From the line with "ストレートネックの改善と骨盤の前傾が整い、全体の姿勢ラインが改善。" to the line with "Speaker Level Input", output every line below exactly, both ends included. Skip the pictures.

Data for the task >>
»»
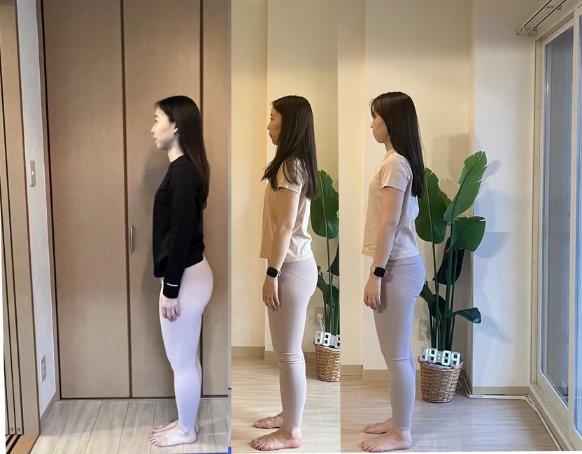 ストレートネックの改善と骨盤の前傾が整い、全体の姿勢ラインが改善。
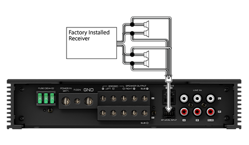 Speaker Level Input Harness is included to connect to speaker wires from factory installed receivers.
««
»»
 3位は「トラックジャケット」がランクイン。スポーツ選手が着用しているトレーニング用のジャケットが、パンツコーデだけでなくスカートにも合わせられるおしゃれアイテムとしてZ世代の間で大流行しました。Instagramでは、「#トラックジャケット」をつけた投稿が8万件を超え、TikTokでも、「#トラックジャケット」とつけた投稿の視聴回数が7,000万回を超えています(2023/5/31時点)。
««
Solution for this problem >>
 ストレートネックの改善と骨盤の前傾が整い、全体の姿勢ラインが改善。
 Speaker Level Input Harness is included to connect to speaker wires from factory installed receivers.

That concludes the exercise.